Who says no-one can do it? Steve says Feynmann could do it, and the anon points out that drummers can probably do it. As for why we can't do things computers can - that's because computers are specially built for those kind of things, we're not. My wrist watch is a tiny fraction the size of me and is far far better at telling the time, but it is rubbish at reproducing itself. We're each made for different purposes, so each have different abilities. --Tango (talk) 00:29, 30 January 2009 (UTC)[reply]

Feyman could only do it if that was the only thing he was doing. And I'll bet that any drummer would lose his beat if he had to do anything else. Even the simplest of tasks, like drinking coffee. But I get it, so

  Resolved

. flaminglawyer 00:36, 30 January 2009 (UTC)[reply]

  Unresolved

It seems a little arrogant to stick a 'resolved' sticker on an answer when you've just disagreed with a Nobel-winning scientist. You didn't even check the book - or search the web or anything! As you'll see below - you are quite utterly WRONG. A little humility please! SteveBaker (talk) 01:33, 30 January 2009 (UTC)[reply]

No - categorically not. Feynmann found that there WERE some tasks he could perform while maintaining his count...but others not. Argh - I wish I could look it up - but I don't have my book collection with my right now. As I recall, he hypothesised that there was some particular brain function of which we only had one that was enabling him to keep good time...so long as the other activity doesn't require that brain function, one may multitask. SteveBaker (talk) 01:16, 30 January 2009 (UTC)[reply]

Aha!

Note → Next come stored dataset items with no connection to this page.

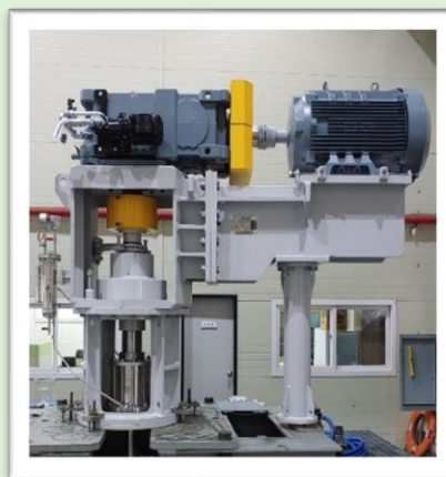
特殊用途リップシール
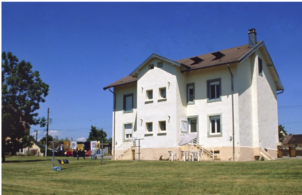
Façade postérieure d'un logement ouvrier.
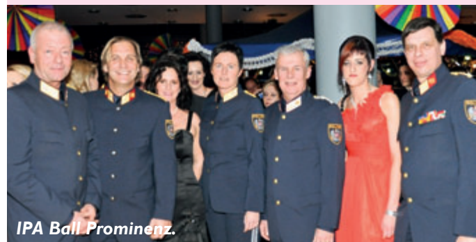
IPA Ball Prominenz.

Am 28. Jänner 2012 fand in den Kultursälen von Wolfsberg der traditionelle Polizei und IPA-Ball statt. Wie schon in den letzten Jahren wurde der Ball von den KollegInnen der Polizeidienststellen des Bezirkes Wolfsberg bestens organisiert und war sehr gut besucht.
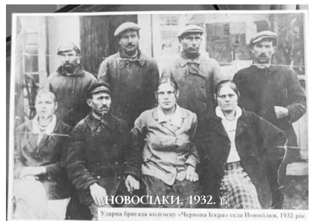
НОВОСІАКИ. 1932 р.

Ударна бригада колгоспу «Черна Іскра» села Новосілки, 1932 рік
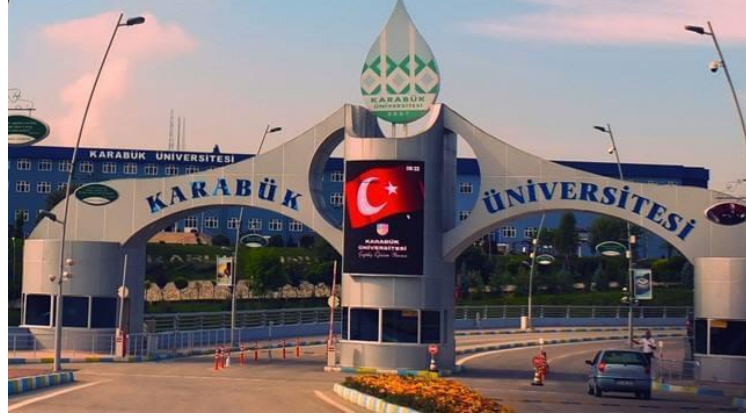
Fotoğraf 23: Karabük Üniversitesi'nin kurulduğu dönemlerde inşa edilen kampüs giriş kapısı
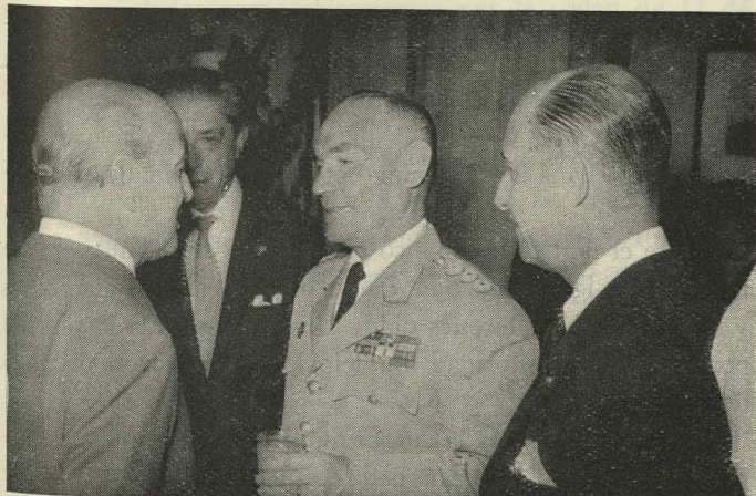
El Alcalde con el General Lindley, ex Presidente de la Junta de Gobierno del Perú

A las nueve de la noche, la Banda Municipal de Madrid dió un nuevo concierto en la plaza inaugurada.
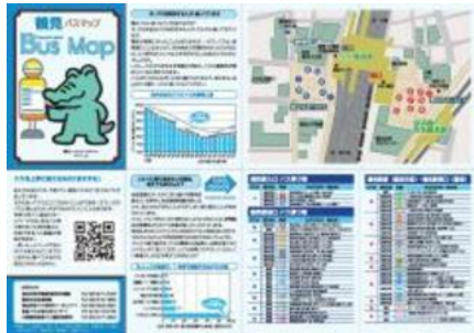
鶴見区バスマップ情報面
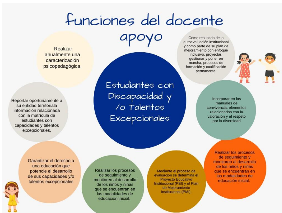
Imagen 1: Funciones del docente de apoyo (elaboración propia).
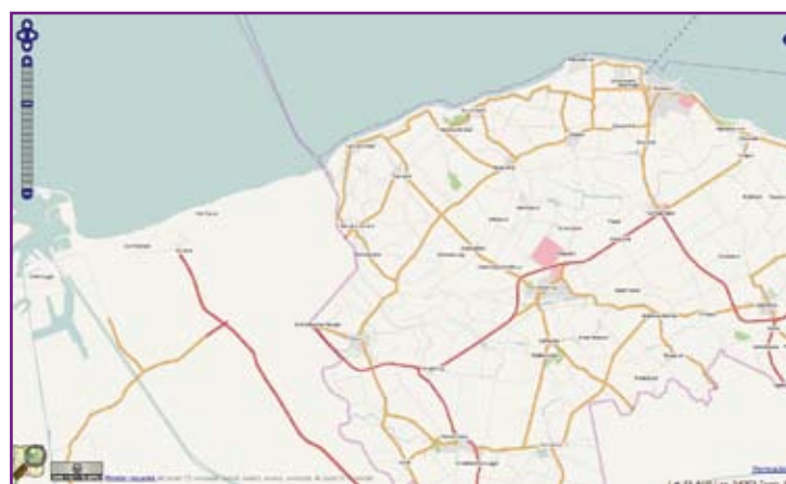
Figure 3 : Extrait de la slippy map (carte dynamique) à la frontière Belgique/Pays Bas 11 , à une dizaine de kilomètres au Nord-Est de Bruges. La frontière est ici matérialisée par la ligne en pointillés violets. La cartographie des Pays-Bas est complète.

Depuis la version 0.5 de l'API, mise en place en septembre 2007 et actuellement en vigueur, les primitives sont au nombre de trois : – les nœuds, constitués d'un identifiant, d'une liste de tags, et de champs latitude et longitude,
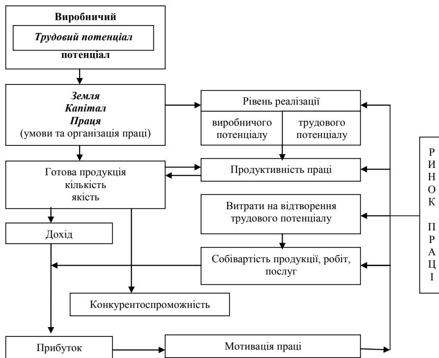
Рис. 3. Взаємозв'язок виробничого потенціалу з конкурентоспроможністю фермерського господарства через відтворення трудового потенціалу [власна розробка автора]
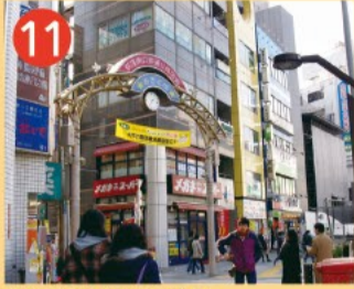
11 荻窪南口仲通り商店街 荻窪駅南口から南へ環八通り近くまで450m続く、何となく懐かしくほっとする活気もある商店街です。
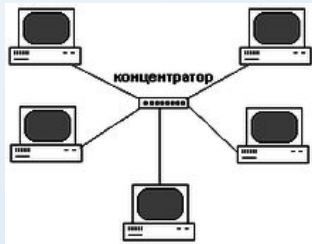
Рисунок 1.1 «Схема сети»
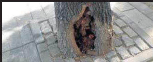
AYUNTAMIENTO DE SEVILLA

Transformación. Arriba, estado actual de la calle Virgen de la Sierra tras la tala efectuada por Parques y Jardines. En el centro, imagen de archivo donde se aprecia cómo los fresnos ofrecían a los viandantes abundante sombra. Abajo, los alcorques de la calle estaban acerados, con los perjuicios que conlleva para los árboles.
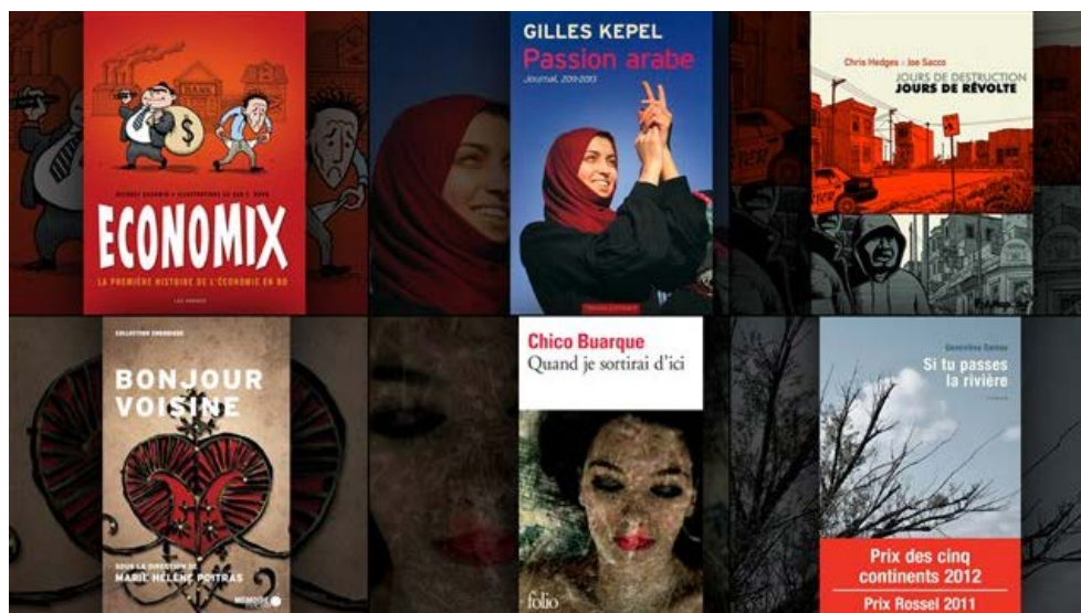
Quelques suggestions de lecture
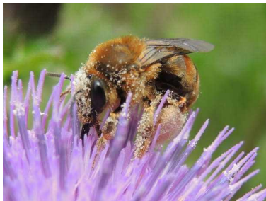
後足に花粉をためるハナバチ

同じことが、ハナバチの仲間にも言えます。ミツバチやマルハナバチなどは、成虫のエサとしての蜜をおなかに入れて運び、巣に貯蔵します。それとは別に、花粉も運んで巣にため込み、幼虫を育てるときに利用します。蜜には炭水化物が豊富ですが、身体の骨組みを作るタンパク質が足りません。花粉にはタンパク質が豊富なのです。そのため、ハナバチの仲間には、後ろ足に花粉をためて運ぶポケットを発達させたものが見られます。からだに付着した花粉を前足できれいに集め、花粉ポケットにしまい込まれると、植物にとってやはり取られ損になります。

Google books to the rescue! "The Pleasure of Finding Things Out" - in the chapter called "It's as Simple as One, Two, Three". [4] - He found WITHOUT ANY PRACTICE that he could 'time' 48 seconds plus or minus one second by counting to 60. He found that he could fill out a form and use a typewriter while keeping good time - but he couldn't count things 'normally' - but he could mentally group things into three and tick off three per second and keep good time. He could read a newspaper and keep good time - he could run up and down stairs and keep good time. He could NOT talk and count. Then another guy tries it - and he finds that he CAN talk and keep good time...but he keeps time by visualising a tape with numbers on it scrolling past his mind's eye - so he's not counting. Try as he might, he could not find a way to read out loud and keep good 'mental' time. As usual, Feynmann (who is my personal hero) likes to experiment with the simplest of problems and invariably discovers something fascinating. SteveBaker (talk) 01:29, 30 January 2009 (UTC)[reply]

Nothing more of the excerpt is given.